» **DATA EXCERPT**:

┄┄┄┄┄┄┄┄┄┄

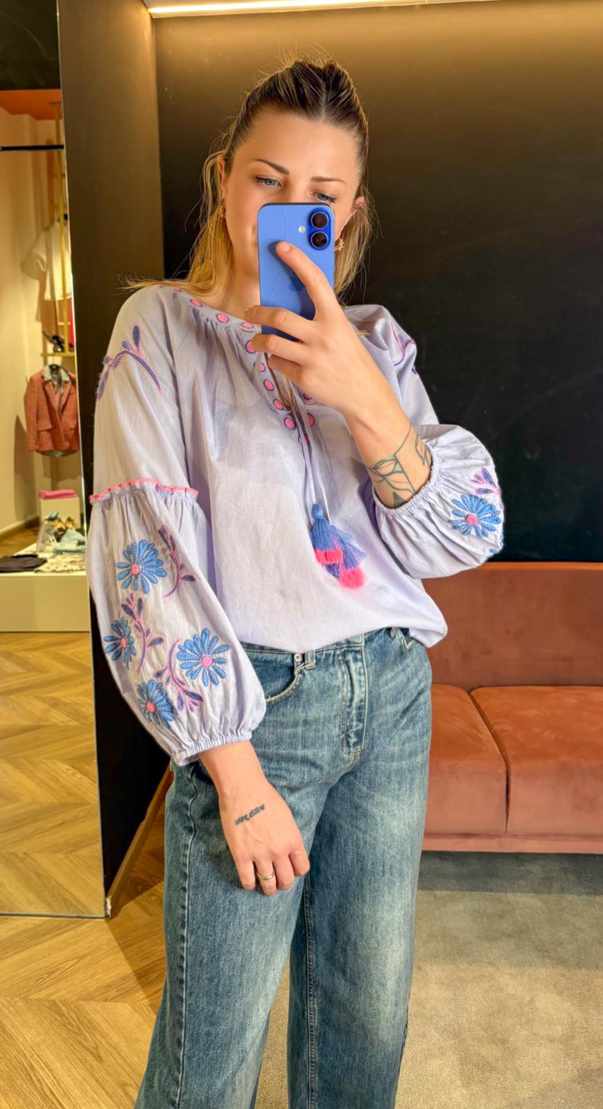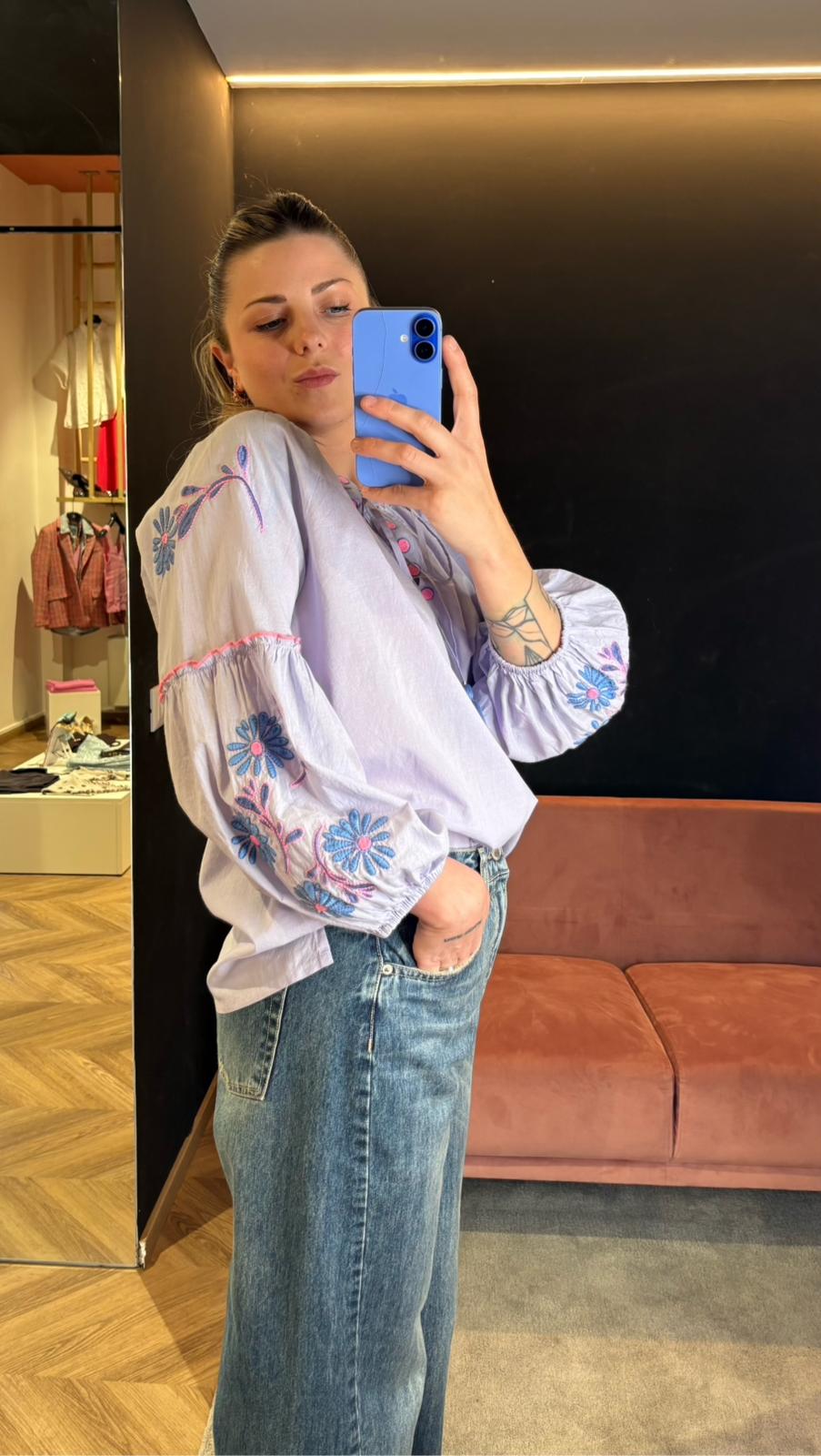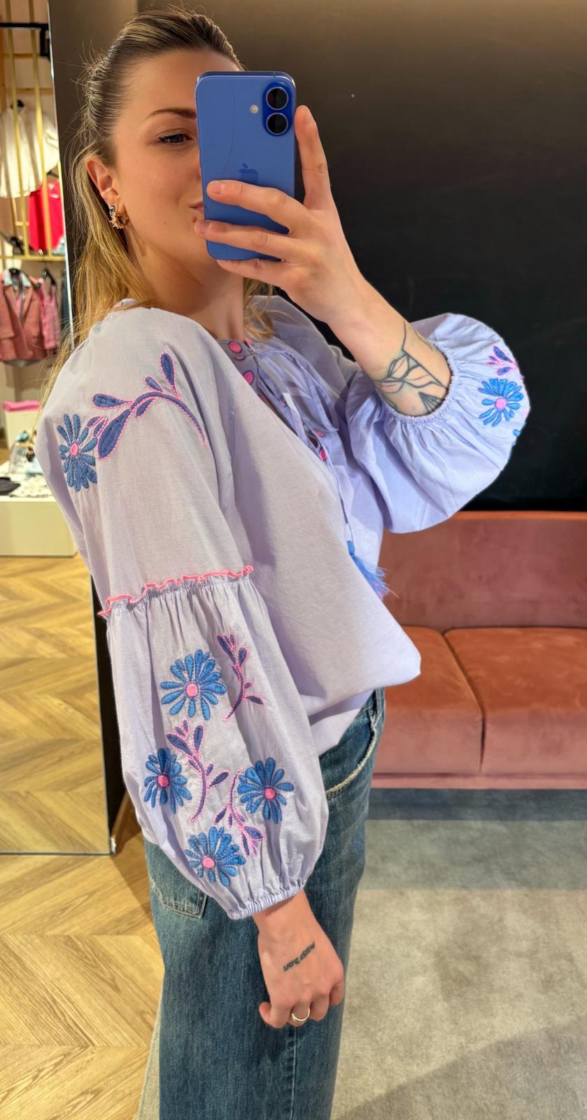 Camicia Ricamata Floret Blues Lilla – Manica Balloon
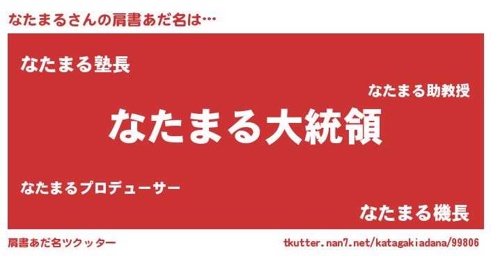 | 意味不明あだ名 | 『なたまるフォーエバー』『自称なたまる』 |
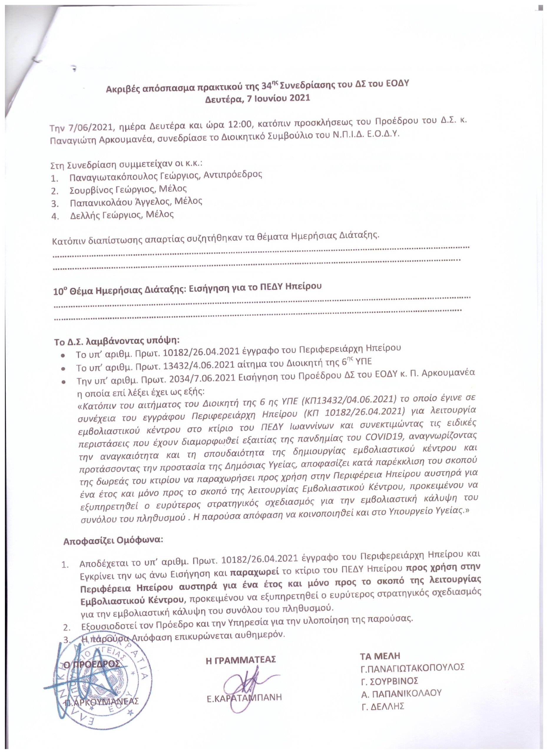 Την παραχώρηση του κτιρίου του ΠΕΔΥ προς χρήση στην Περιφέρεια Ηπείρου μετά από αίτημά της που είχε υποβληθεί στις 26 Απριλίου 2021 – καθώς και της 6ης ΥΠΕ στις 4 Ιουνίου 2021- αυστηρά για ένα χρόνο με σκοπό τη λειτουργία του ως Εμβολιαστικό Κέντρο, αποφάσισε στη συνεδρίαση της Δευτέρας 7 Ιουνίου το Διοικητικό Συμβούλιο του ΕΟΔΥ.

┄┄┄┄┄┄┄┄┄┄

» **ABOUT THIS TASK**:
Where the line with "意味不明あだ名 | 『なたまるフォーエバー』『自称なたまる』 |" appears, begin there and transcribe exactly through the last line of the data, leaving all pictures aside.

» **PROBLEM SOLUTION**:
 | 意味不明あだ名 | 『なたまるフォーエバー』『自称なたまる』 |
 Την παραχώρηση του κτιρίου του ΠΕΔΥ προς χρήση στην Περιφέρεια Ηπείρου μετά από αίτημά της που είχε υποβληθεί στις 26 Απριλίου 2021 – καθώς και της 6ης ΥΠΕ στις 4 Ιουνίου 2021- αυστηρά για ένα χρόνο με σκοπό τη λειτουργία του ως Εμβολιαστικό Κέντρο, αποφάσισε στη συνεδρίαση της Δευτέρας 7 Ιουνίου το Διοικητικό Συμβούλιο του ΕΟΔΥ.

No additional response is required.